Form 8-K
 
 
UNITED STATES
SECURITIES AND EXCHANGE COMMISSION
Washington, D.C. 20549
FORM 8-K
CURRENT REPORT
Pursuant to Section 13 OR 15(d) of The Securities Exchange Act of 1934
Date of Report (Date of earliest event reported): June 1, 2011
For the fiscal year ended December 31, 2010
Teleflex Incorporated
(Exact name of registrant as specified in its charter)
         
Delaware   1-5353   23-1147939
         
(State or other jurisdiction
of incorporation)
  (Commission File Number)   (IRS Employer Identification No.)
     
155 South Limerick Road, Limerick,
Pennsylvania
   
19468
     
(Address of principal executive offices)   (Zip Code)

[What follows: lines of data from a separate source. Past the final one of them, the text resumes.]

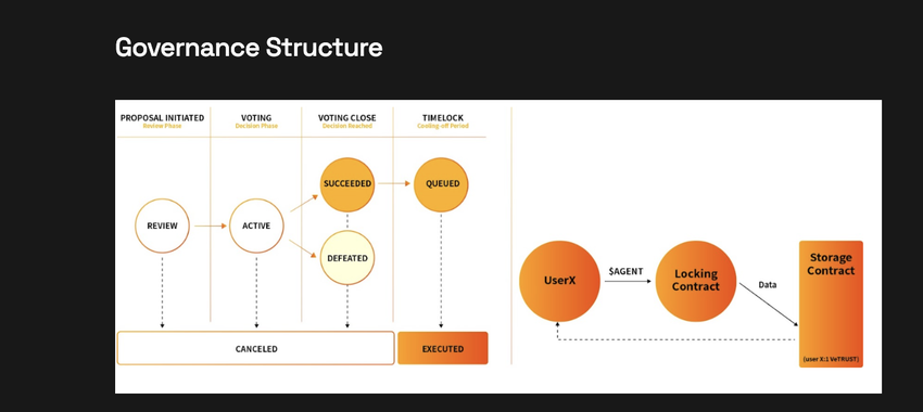 Embora o staking venha com direitos de voto, o TAG DAO permite que os detentores de tokens AGENT proponham e votem em mudanças importantes. Essas mudanças incluem atualizações de protocolo, alocações de fundos e desenvolvimento de novos recursos. Notavelmente, os detentores de APGN – Nós de Governança Premium da AgentLayer – obtêm direitos de supervotação.
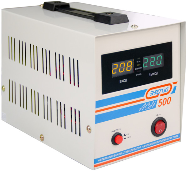 Энергия АСН-500 с цифр. дисплеем – это стабилизатор напряжения, выполненный в компактном металлическом корпусе с транспортировочной ручкой сверху. Модель можно поставить на пол, стол, подоконник или в другое удобное для пользователя место. Стабилизатор поддерживает систему поглощения электрической дуги и функцию интеллектуальной защиты от перегрузок.
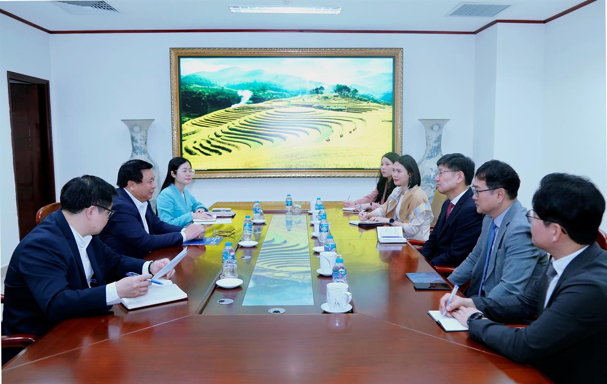 GS,TS Nguyễn Xuân Thắng, Ủy viên Bộ Chính trị khóa XIII, nguyên Giám đốc Học viện Chính trị quốc gia Hồ Chí Minh, Chủ tịch Hội đồng Lý luận Trung ương chủ trì buổi tiếp và làm việc với ông Na Ki Hong, Tổng Giám đốc Samsung Việt Nam
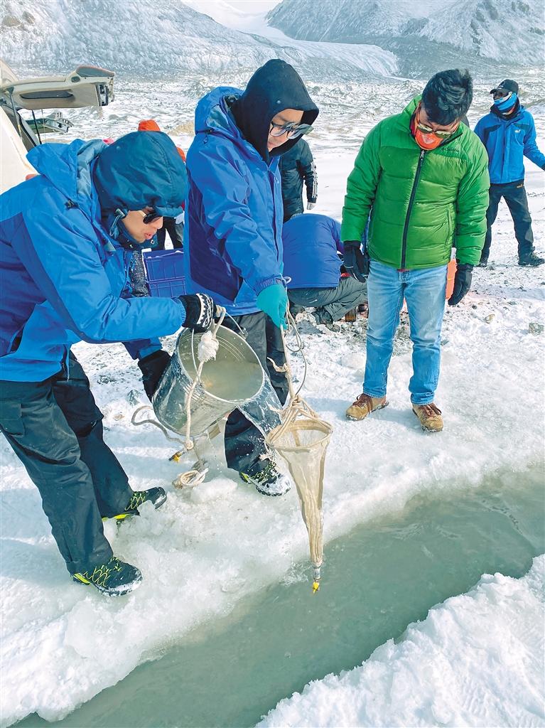 在姜根迪如冰川前的河道采取水生物樣本時,于愛琛要鑿開近10厘米的冰面,冰渣子進(jìn)入收集網(wǎng)里,又要用手取出來。即使戴著手套,刺骨的水溫也能通過手指使寒意襲遍全身,他整個手臂如同電量快耗盡的機器,緩慢機械地進(jìn)行著工作。但由于氣溫太低,沾了水的收集網(wǎng)很快又會被凍住,為了抓緊時間將樣本裝入瓶中,于愛琛索性取下手套,用開水將結(jié)冰的收集網(wǎng)融化,這一冷一熱間,整雙手早已麻木。當(dāng)時,于愛琛整個臉都是發(fā)腫鐵青的,紫黑色的嘴唇完全爆皮,說話時血從嘴唇皸裂處流出也不自知。
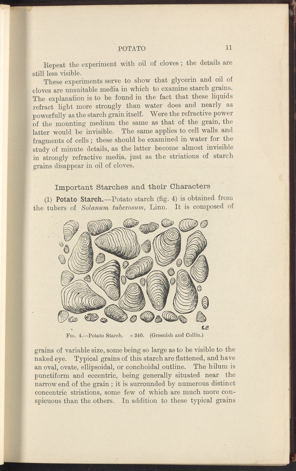 Small JPG1200 x 1698px — 432 KBFull-sized JPG2728 x 3859px — 2.0 MBOriginal fileTIFF — 2728 x 3859px — 30.2 MBA textbook specifically devoted to the "practical instruction in the methods of examining vegetable foods, drugs, and their powders" written by Henry George Greenish, Professor of Pharmaceutics to the Pharmaceutical Society of Great Britain. Intended to provide students who already possess a background in botany the instruction necessary to examine vegetable powders. Content is ordered from the least complicated structures (starches) to the most complex forms (fruits and roots). Includes 168 illustrations of microscopic views, appendices listing reagents of general utility and the chief varieties of cell walls and contents, an index, and a list of other publications by J. & A. Churchill publishers. The work is digitized in its entirety.

Registrant’s telephone number, including area code: 610-948-5100
Not Applicable
(Former name or former address, if changed since last report.)
Check the appropriate box below if the Form 8-K filing is intended to simultaneously satisfy the filing obligation of the registrant under any of the following provisions:
o   Written communications pursuant to Rule 425 under the Securities Act (17 CFR 230.425)
 
o   Soliciting material pursuant to Rule 14a-12 under the Exchange Act (17 CFR 240.14a-12)
 
o   Pre-commencement communications pursuant to Rule 14d-2(b) under the Exchange Act (17 CFR 240.14d-2(b))
 
o   Pre-commencement communications pursuant to Rule 13e-4(c) under the Exchange Act (17 CFR 240.13e-4(c))
 
 


 

Item 8.01.   Other Events.
This Current Report on Form 8-K (“Form 8-K”) is being filed substantially concurrently with the filing by Teleflex Incorporated (the “Company”) and certain of its domestic subsidiaries of Post-Effective Amendment No. 1 to the Company’s Registration Statement on Form S-3 in order to register the full and unconditional guarantees, on a joint and several basis, of certain of the Company’s 100% wholly-owned domestic subsidiaries of certain debt securities of the Company. This Form 8-K provides financial information of the Company’s subsidiary guarantors required by Rule 3-10 of Regulation S-X under the Securities Act of 1933, as amended (“Rule 3-10”) under Note 17, “Guarantor financial statements”; such financial statements are set forth at Exhibit 99.1 hereto.
This Form 8-K further updates and supersedes Items 1, 2, 6, 7 and 8 from the Company’s Annual Report on Form 10-K for the year ended December 31, 2010 (the “Form 10-K”) to report the Company’s former marine business, which the Company sold on March 22, 2011, and the Company’s cargo container business, for which the Company approved a plan of sale, as discontinued operations pursuant to the requirements of Financial Accounting Standards Board Accounting Standards Codification topic 205, “Presentation of Financial Statements” (“ASC topic 205”) for the three years ended December 31, 2010, December 31, 2009 and December 31, 2008 and as of December 31, 2010 and December 31, 2009. This presentation has no effect on the Company’s previously reported net earnings (see exhibit 99.1). Retroactive reclassification of assets as held for sale at the balance sheet date is not required under accounting guidance. Accordingly no adjustments for assets of the Company’s cargo container business held for sale have been made to the balance sheets as of December 31, 2010 and December 31, 2009 as originally reported in the Form 10-K.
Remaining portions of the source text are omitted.